Neoplasm of salivary glands constitute nearly 3% of all head and neck tumors. 1% of head and neck malignancies arise from salivary glands. Except for Warthin’s tumor all other tumors can be differentiated as benign / malignant using DWI.
Lymphoma versus squamous cell carcinoma.
Squamous cell carcinomas are the most common of all head and neck malignancies followed by lymphomas. As management of both these lesions are radically different it would be better if imaging could provide some inkling about the diagnosis. Imaging supplemented with DWI may be a powerful tool as to which type of malignancy that is being dealt with. Lymphomas are more cellular than squamous cell carcinoma hence would show greater diffusion restriction and hence less ADC because of relative paucity of cytoplasm and extracellular space.
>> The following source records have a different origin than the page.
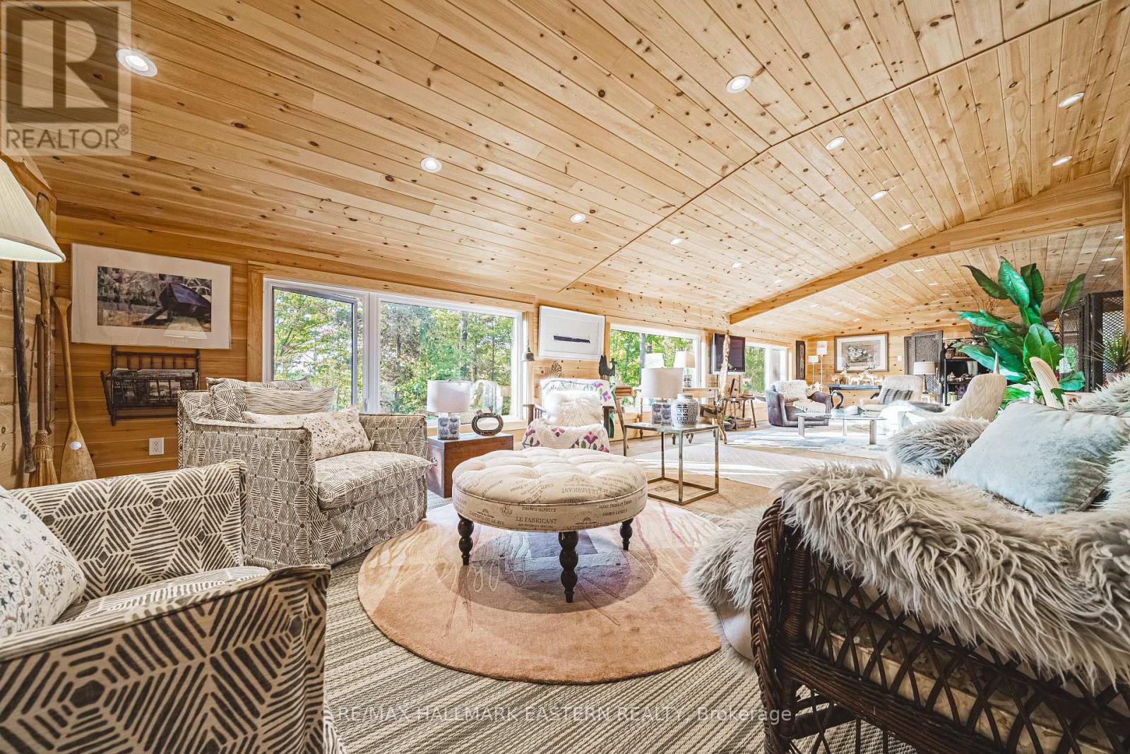 Living in this house is like living on a boat! It is so close to the water you can hear the waves gently lapping at night. Complete privacy in your 1.3 Acres 270 Ft waterfront oasis on Clear Lake awaits. So much thoughtful quality here has to be seen to be appreciated. Mature trees, dappled light and a feeling of magic envelope this mid century boathouse conversation. Tucked into a beautiful cove with natural sand beach sits a totally unique blend of cottage feel with the quality and convenience of a luxurious 4 season bungalow. Drive right to your door and only I step into this open light and bright space. So much attention to detail has been taken for ease of living. White oak wide plank flooring, soaring ceilings and massive amounts of glass bring the lake in from every room. Custom cabinetry adorn this chef's kitchen. Neutral palettes throughout and expansive rooms welcome any decor. Full walkout and covered decks on the lower level for shady summer days, a hot tub set into the landscape, a gazebo for relaxing after a swim in the crystal clear dive off the dock water. Pull your paddle board or kayak up on the natural sand beach, hop in your boat off one of two lifts and explore the beauty of this gorgeous lake on the Trent System right at your door. Keep all your toys safe and clean in the ICF garage and grand loft for play above. Bunkies for the kids, parking for huge parties, huge newer septic, newer drilled well, all systems on massive generator if the power goes out. Boat to Wildfire for Golf, dine at one of three waterfront restaurants and play on the iconic Clear and Stoney Lakes. Meet new lake friends at Juniper Island for tennis, pickleball, sailing, explore granite islands, coves and natural beauty to explore at a world class level. Live here 4 seasons, enjoy it on weekends or use it as a gorgeous retreat home. minutes from the charming village of Lakefield.1.5 hrs from the GTA, 22 mins to Peterborough. Don't miss this opportunity to live your dreams (id:61423)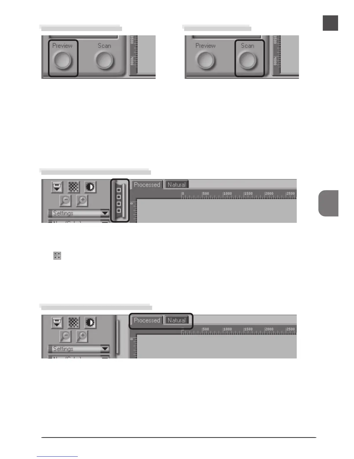 when scanned at current settings, Natural tab shows how the image looked before processing.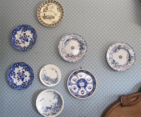 A COLLECTION OF TEN VICTORIAN AND LATER PORCELAIN CABINET PLATES, INCLUDING BLUE AND WHITE, THE LARGEST 26CM DIAMETER (SOME WITH CHIPS TO THE RIM)

Necrotic versus viable part of tumor.
Malignant tumors are not homogenous always. It is common for the tumor to have a spectrum of cellular composition areas of high cellularity and areas of necrosis. The necrotic area could be very small to be detected by routine MR imaging. These necrotic areas are frequent following chemoradiation. DWI is sensitive to differentiate between necrotic and non-necrotic areas of tumor. In cases of post therapy follow up it would be useful to document tumor viability and extent of necrosis as a response to therapy. Skull lesions. DWI is helpful in differentiating malignant from benign skull lesions. It is also helpful in differentiating residual / recurrent cholesteatoma from normal post-operative granulation tissue.
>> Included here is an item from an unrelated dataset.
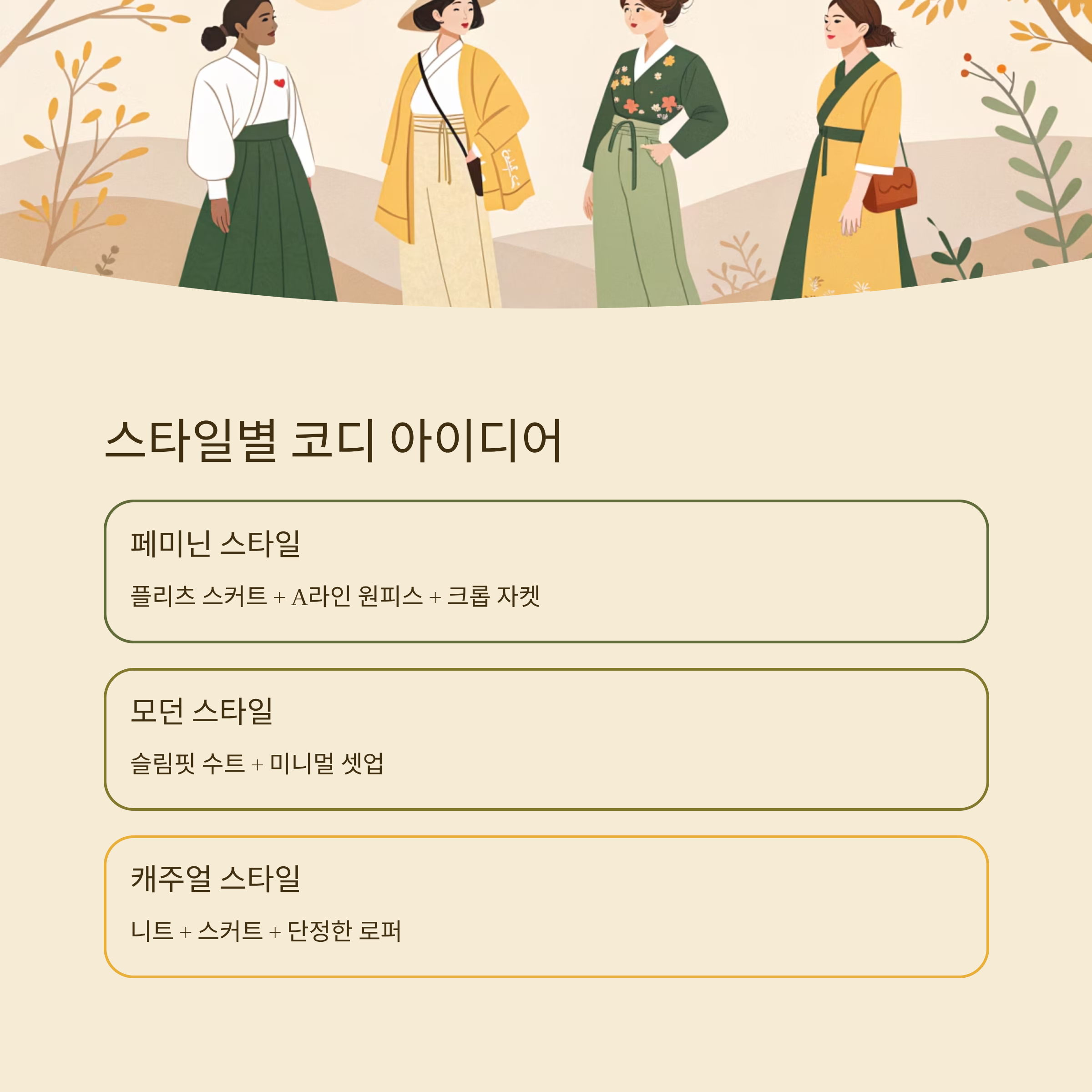 페미닌한 스타일을 좋아한다면 플리츠 스커트나 A라인 원피스가 잘 어울려요. 여기에 크롭 자켓을 걸치면 단정하면서도 가을 무드를 살릴 수 있어요. 모던한 스타일을 원한다면 슬림핏 수트나 미니멀한 셋업을 선택하는 게 좋아요.

DWI in pediatric head and neck masses.
Most common orbital malignancies in pediatric age group are retinoblastoma, rhabdomyosarcoma and optic nerve glioma. Rhabdomyosarcoma is the most common pediatric soft tissue malignant tumor with orbits and sinuses being involved commonly. In conventional imaging it would look similar to inflammatory cellulitis and hemangioma. This is where DWI has a crucial role to play.
Prediction of response to radiation and chemotherapy.
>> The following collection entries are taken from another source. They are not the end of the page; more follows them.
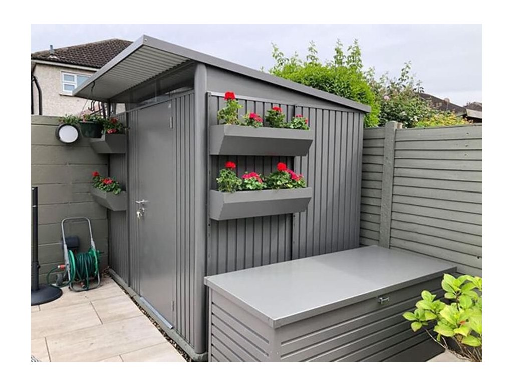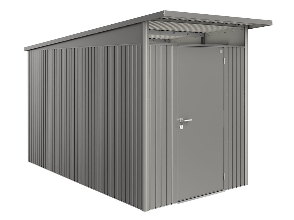 Nemáte kam uskladnit jízdní kola, potřeby k bazénu, zahradní sekačku s nářadím a další věci, které se nevejdou do domu, ale chcete je mít pod střechou a bezpečně pod zámkem? Pořiďte si stylový kovový domek na nářadí AvantGarde A4 prémiové kvality s pultovou střechou, který vyhovuje i nárokům moderní architektury. Domek je široký 180 cm (přední strana s dveřmi) a 380 cm dlouhý(včetně přesahu střechy). Domky AvantGarde nabízíme ve třech barevných provedeních a osmi velikostech.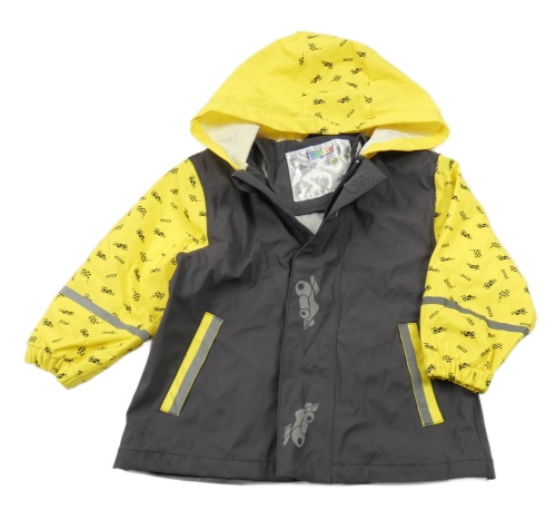Sivo-žltá nepromokavá bunda s formulami a kapucňou Lupilu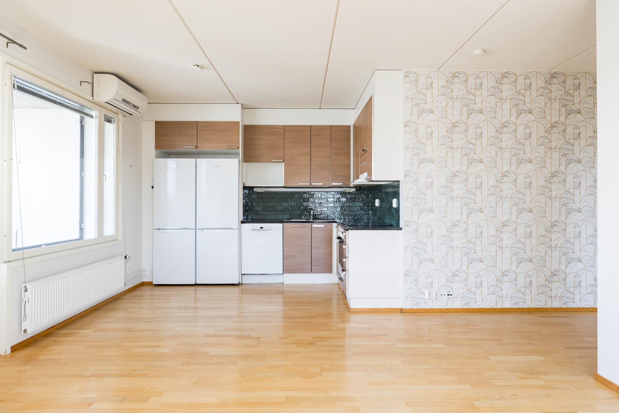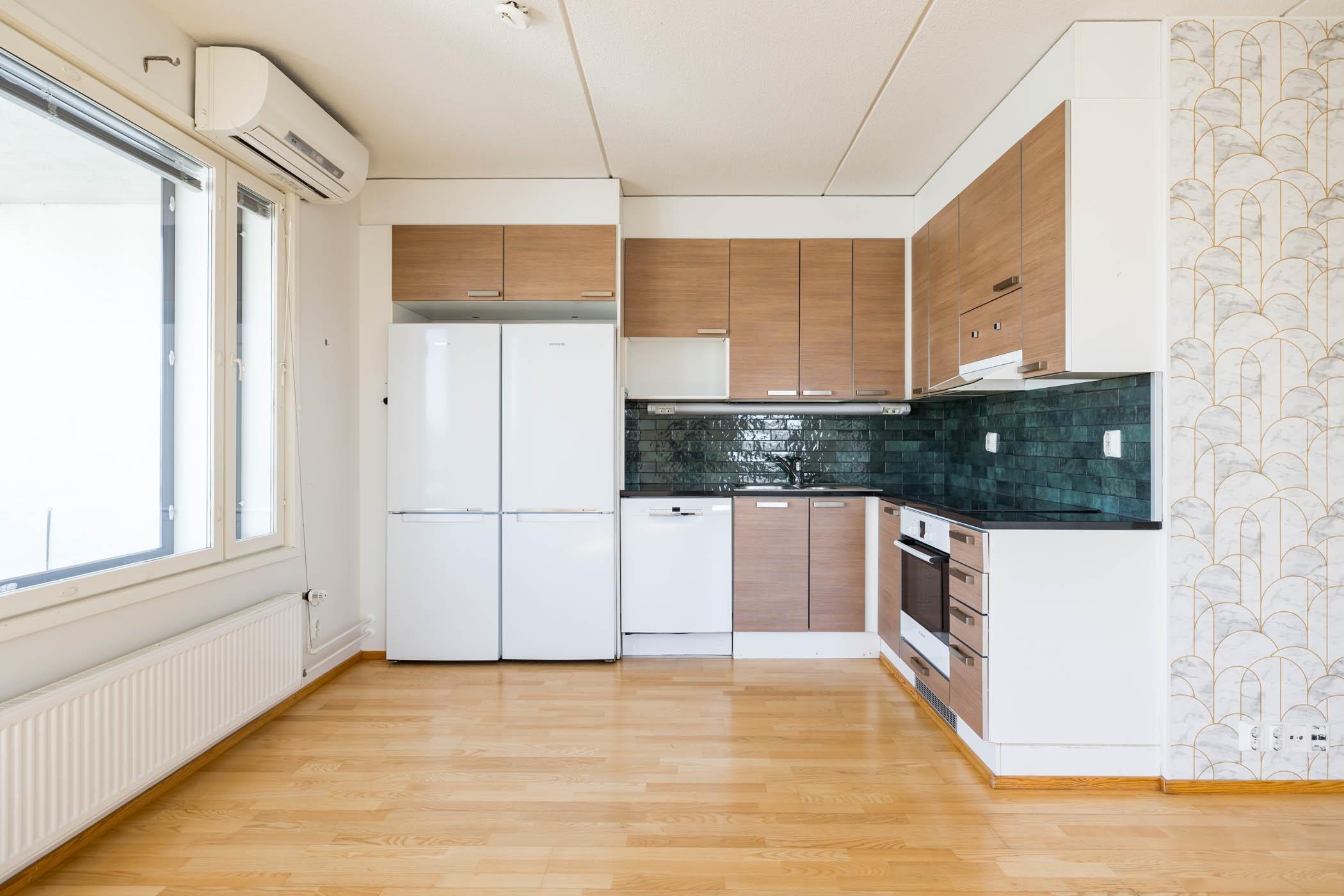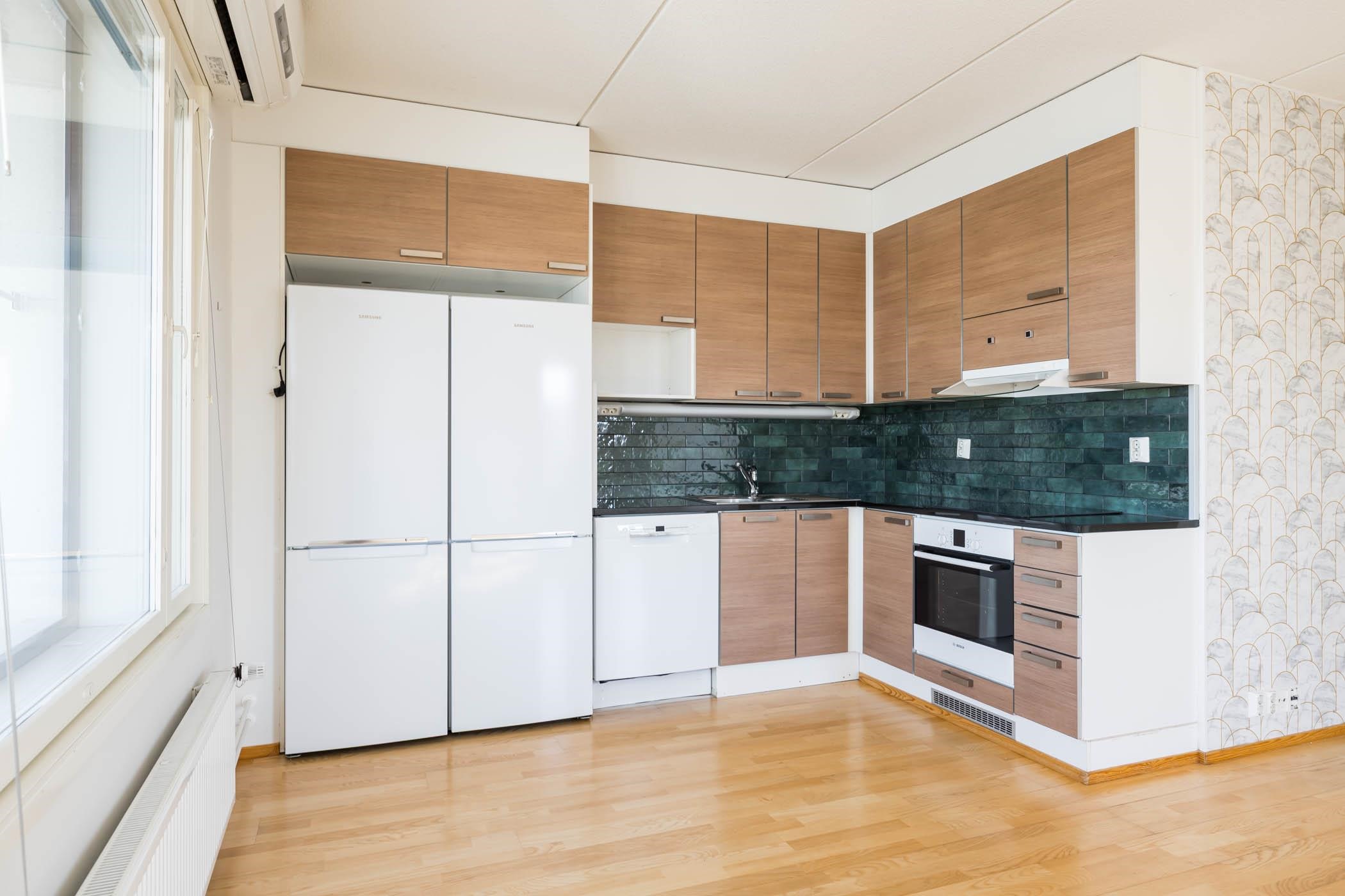 - Jääkaappipakastin x 2 (Uusittu n. 2020), erillisuuni, liesitaso (induktio, uusittu 2025, liesituuletin, astianpesukone (uusittu n. 2020), kaapistot, kiinteät valaisimet (työtasovalaisin). Kivitasot. Keittiön välitilan laatoitus uusittu 2020 (vanhan päälle)

Radiation and chemotherapy are the most important options in treatment of head and neck malignancies. Even if tumor is surgically resectable, still chemoradiation is required to control future recurrences. In advanced lesions chemoradiation could be the only treatment option available. Response of tumors to chemoradiation can be predicted. Tumors having higher pre-therapy restricted diffusion / lower ADC respond better than those that show lack of diffusion restriction / higher ADC. This is understandable because chemoradiation can effectively kill actively dividing cells. The amount of actively dividing cells can be predicted by law levels of DWI seen in these lesions.